Я вспоминаю наше первое свидание с Виндхэмом. Он не заехал за мной домой, а придумал лучше и подхватил меня в укромном месте у почты. Мне понравилась его машина – бордовый «ягуар», казавшийся сделанным из цельного куска полированного дерева. Он отвез меня в ресторан. Я еще ни разу не была в Уэльсе, и приехать туда без Дэвида было как пощечина ему. Мы много пили и смотрели друг на друга через стол. Он рассказывал мне о своей жизни: о разных женщинах, и мне нравилась его готовность откровенничать. Все его интрижки носили случайный характер, а наивная готовность, с которой он принялся описывать их, желая произвести на меня впечатление своей экстравагантностью, напоминало мне то время, когда я охотно рассказывала первому встречному об умирающей матери, чтобы завладеть вниманием собеседника. И ему удалось заинтриговать меня. Я ощущала невольное восхищение этой его постоянной готовностью к откровенности.

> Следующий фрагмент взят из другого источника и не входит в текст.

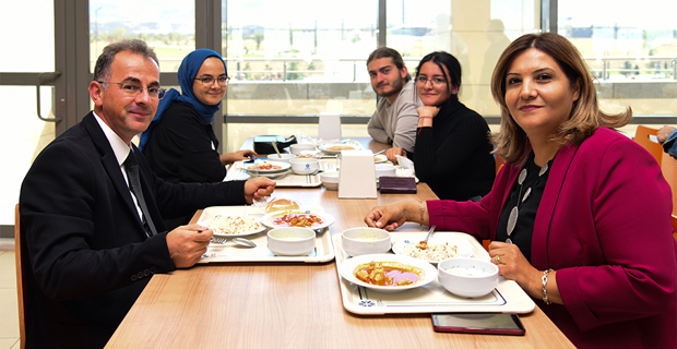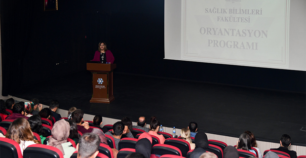An information meeting was held within the scope of orientation programs at Erzurum Technical University (ETU) Health Sciences Faculty. The meeting held in the Life Center Conference Hall was attended by Rector Prof. Dr. Bülent Çakmak, Dean of the Faculty of Health Sciences Prof. Dr. Elanur Yılmaz Karabulutlu, Head of Registrar's Office Hasan Bostancı, academicians, IT specialists and newly enrolled students in the Faculty of Health Sciences. Elanur Yılmaz Karabulutlu, Dean of the Faculty of Health Sciences, who came to the podium to make the opening speech of the meeting, stated that they are happy to start the new term and said, "We are making an intense effort to do the best for you, our esteemed students. You are starting a new education-teaching process. In the future, you will undertake very important duties as individuals with responsibilities to yourself, your family, your country and the world.I would like to take this opportunity to wish you all a successful 2022-2023 Academic Year". Rector Bülent Çakmak, who took the rostrum after Dean Karabulutlu, wished the new era to bring success, health and peace, said, "We are in an effort to offer you the best education with our academic and administrative staff. However, during your university life, you should not only be successful in your courses, but also be equipped in every sense when you graduate by taking advantage of every opportunity that will contribute to your personal development. With these feelings and thoughts, I wish you all success in your new education life." Finally, after the speeches, the students were informed about the social, sportive and cultural activities offered by the university, as well as the introduction of the "Blackboard Learn" system, which digitalizes and effectively organizes student-teacher interaction such as announcements, homework, discussion boards and blogs through distance education. At the end of the meeting, Rector Çakmak and the university administration went to the cafeteria with the students, chatted with the young people during the meal and listened to their expectations from the university and the new academic year.

Я не была готова к серьезным отношениям: слишком долго я была лишена мужского внимания. Я не говорю, что я из тех женщин, кто, выйдя замуж, теряют интерес к своей внешности и восхищению в глазах окружающих. Наоборот, мой внешний вид всегда был для меня важен, но существует разница между желанием привлечь внимание на улице и способностью приковать его к себе за один вечер.
Сначала я не осмеливалась рисковать. Я боялась, мне не хватало ни куража – продвинуться в своих экскурсах, ни эгоцентризма – продолжать кокетничать глазами, жестами или мимикой. Но я уже начала ощущать прежнее волнение и сердцебиение. И обнаружила, что не так уж плоха: я знала, что выгляжу импозантно, и речь моя начала приобретать понемногу раскованность и резкость, которые я годами старалась смягчать и сдерживать. Я тоже принялась рассказывать о себе. Он был из тех мужчин, которые поддаются на провокации.
А провокаций было больше, чем достаточно. Когда мы наконец покончили с едой и вернулись в машину, то упали в объятия друг друга прямо на переднем сидении, и с такой жадной чувственностью, которая даже в воспоминаниях не утратила своей силы. Мы довольно быстро оторвались друг от друга, переглядываясь и поправляя прически.
– Пора ехать, – сказала я, застегивая пальто. – Мне надо возвращаться.
Хотя Дэвид и не мог прийти домой раньше полуночи, я по-прежнему боялась. Поэтому мы поехали назад. Казалось, отступать было слишком поздно, а делать выводы – слишком рано. Я была уставшая и пьяная, большой автомобиль катил с беззвучной мощью. Я чувствовала себя убаюканной, расслабленной, и спустя некоторое время сказала:
– Боже, через какой ужас нам предстоит пройти! – Но вместо того, чтобы спросить, о чем это я, он согласился:
– Да, видимо, придется. Развеселись, никогда не бывает хуже, чем ты воображаешь, всегда найдется какое-нибудь утешение.